My own body odor and a sharp head bounce, off the tempered glass window wrenched me awake. In parts, Richmond had a ‘Pleasantville’ vibe – austere buildings that looked like they should house the Lords of Virginia, mingled amongst the Egyptian, Roman, Goth and Post Modern. If it was a holiday, Richmond would be a nice place to visit but I wanted out as soon as we arrived. I wanted to be back in New York drinking Stinky Sid’s shit coffee and deciding on which lunch special had less chance of inducing a coronary. I comforted myself that this was going to be the last leg of my massive journey. A limp shot of excitement stoked me, to clean up before my unceremonious homecoming.

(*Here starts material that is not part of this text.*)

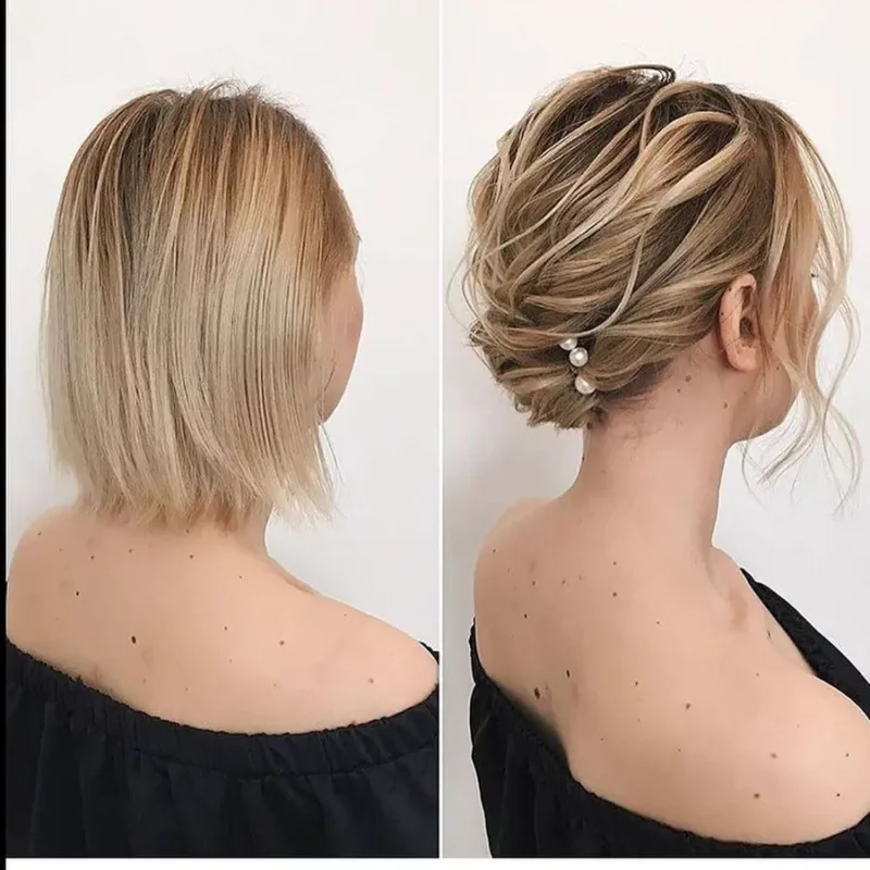 Наличие коротких волос еще не означает отсутствие прически на выпускной. Если девушка носит ультра короткую стрижку, она всегда может прибегнуть к помощи заколок с декоративными хвостами. Выглядят они достаточно стильно. Главное, чтобы они сочетались в собранном луке по цвету, форме.

“Next stop Newark folks and then on to New York city,” the speaker in the bus reassured us. It was only five days but it felt like a separate lifetime since I’d left New York. I’d watched myself devolve into a very bad person – below, any level I’d ever crawled to before. I attempted to alleviate my guilt, by convincing myself that this is what Betty would have wanted. Her mom and kid were her light in life, and if I could sell my cargo and help them out, then strapped to my chest was a small taste of salvation. There was no point in not selling the goods and having her mother and son not benefit – after all she had agreed to come on this trip, for their benefit. So this is what she would want? Right?
It was a feeble voice, suffocated by a conscience raging with guilt. And who was I kidding, she would have dropped me down a lift-shaft if she knew what the final result was going to be – with full entitlement.